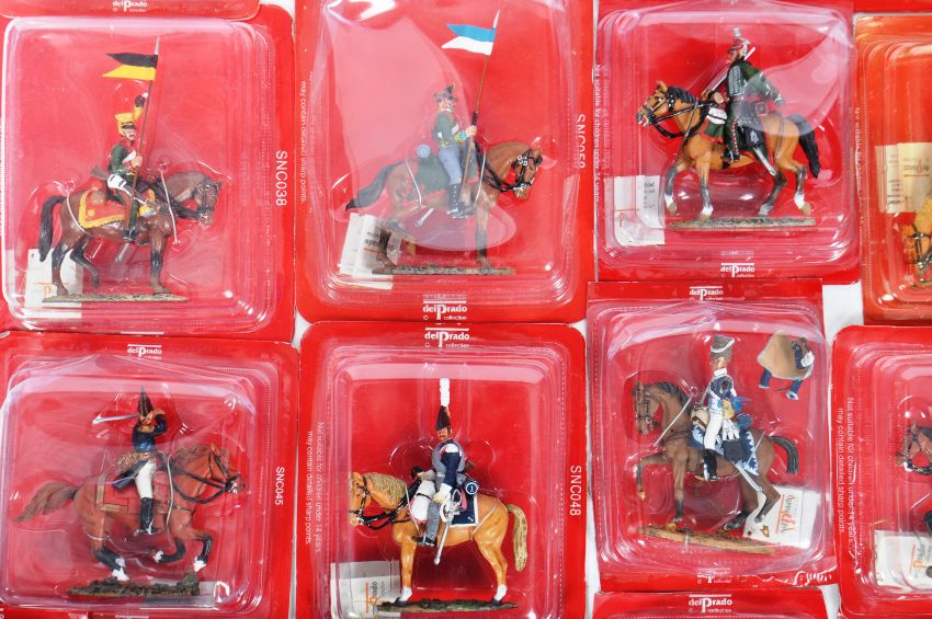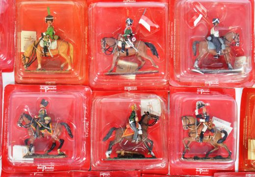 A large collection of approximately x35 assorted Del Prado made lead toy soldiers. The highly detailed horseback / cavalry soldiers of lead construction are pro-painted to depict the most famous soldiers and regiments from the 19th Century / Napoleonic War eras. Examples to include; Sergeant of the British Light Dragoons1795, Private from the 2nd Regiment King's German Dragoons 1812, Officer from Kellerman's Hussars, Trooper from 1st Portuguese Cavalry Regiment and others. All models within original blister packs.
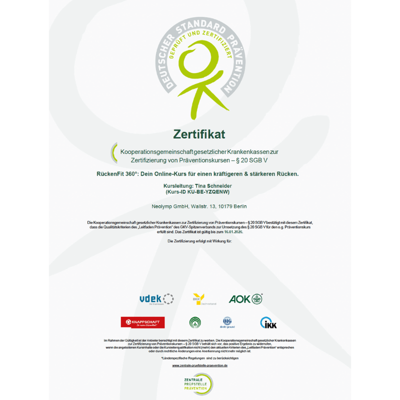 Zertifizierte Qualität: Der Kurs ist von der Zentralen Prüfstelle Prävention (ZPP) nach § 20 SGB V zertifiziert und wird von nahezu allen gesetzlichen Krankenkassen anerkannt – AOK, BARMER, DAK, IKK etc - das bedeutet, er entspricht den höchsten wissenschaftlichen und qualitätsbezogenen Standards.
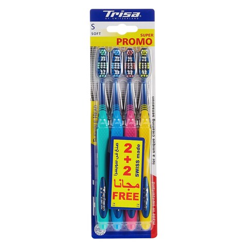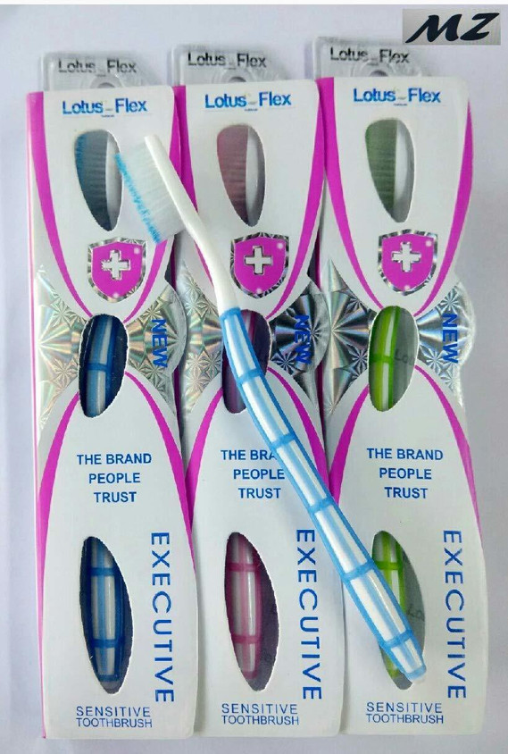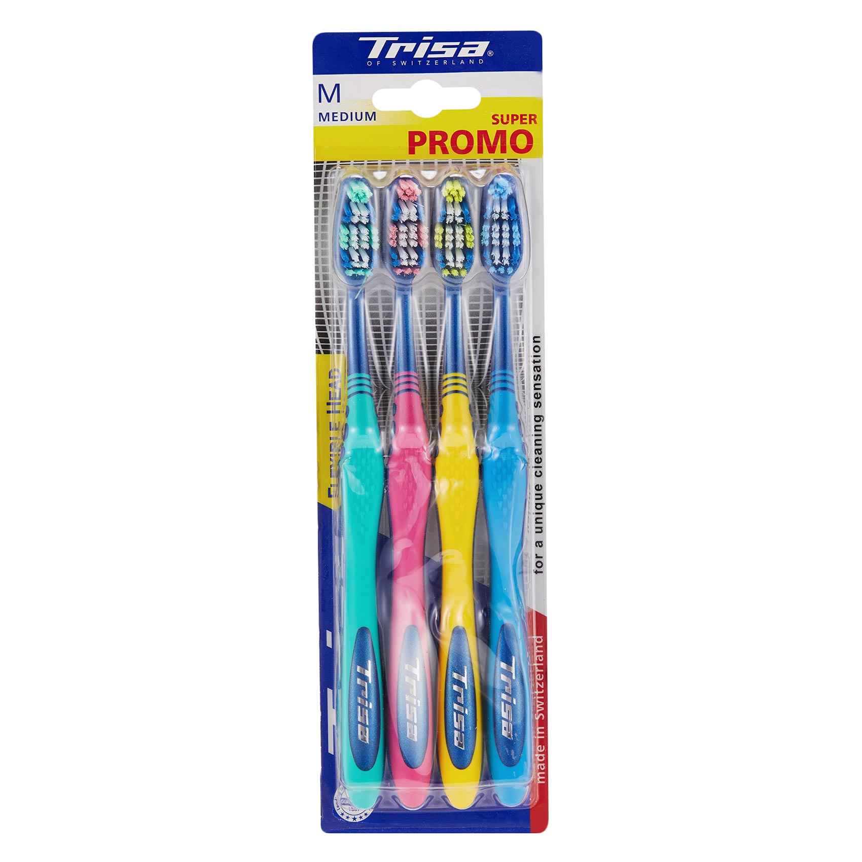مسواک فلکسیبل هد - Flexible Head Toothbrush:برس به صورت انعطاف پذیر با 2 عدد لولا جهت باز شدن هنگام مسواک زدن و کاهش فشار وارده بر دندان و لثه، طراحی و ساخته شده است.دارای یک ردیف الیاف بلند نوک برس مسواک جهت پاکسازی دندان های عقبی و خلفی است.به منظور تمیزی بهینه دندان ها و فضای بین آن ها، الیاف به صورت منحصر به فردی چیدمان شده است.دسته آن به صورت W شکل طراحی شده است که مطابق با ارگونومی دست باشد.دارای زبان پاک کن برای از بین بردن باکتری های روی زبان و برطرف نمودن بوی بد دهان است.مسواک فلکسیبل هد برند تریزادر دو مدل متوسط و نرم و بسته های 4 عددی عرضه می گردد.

ABOUT THIS TASK => Each line from the one containing "Zertifizierte Qualität: Der" through the last line of the listing is to be given again exactly, with no pictures and no other lines.

SOLUTION TO THIS PROBLEM =>
 Zertifizierte Qualität: Der Kurs ist von der Zentralen Prüfstelle Prävention (ZPP) nach § 20 SGB V zertifiziert und wird von nahezu allen gesetzlichen Krankenkassen anerkannt – AOK, BARMER, DAK, IKK etc - das bedeutet, er entspricht den höchsten wissenschaftlichen und qualitätsbezogenen Standards.
مسواک فلکسیبل هد - Flexible Head Toothbrush:برس به صورت انعطاف پذیر با 2 عدد لولا جهت باز شدن هنگام مسواک زدن و کاهش فشار وارده بر دندان و لثه، طراحی و ساخته شده است.دارای یک ردیف الیاف بلند نوک برس مسواک جهت پاکسازی دندان های عقبی و خلفی است.به منظور تمیزی بهینه دندان ها و فضای بین آن ها، الیاف به صورت منحصر به فردی چیدمان شده است.دسته آن به صورت W شکل طراحی شده است که مطابق با ارگونومی دست باشد.دارای زبان پاک کن برای از بین بردن باکتری های روی زبان و برطرف نمودن بوی بد دهان است.مسواک فلکسیبل هد برند تریزادر دو مدل متوسط و نرم و بسته های 4 عددی عرضه می گردد.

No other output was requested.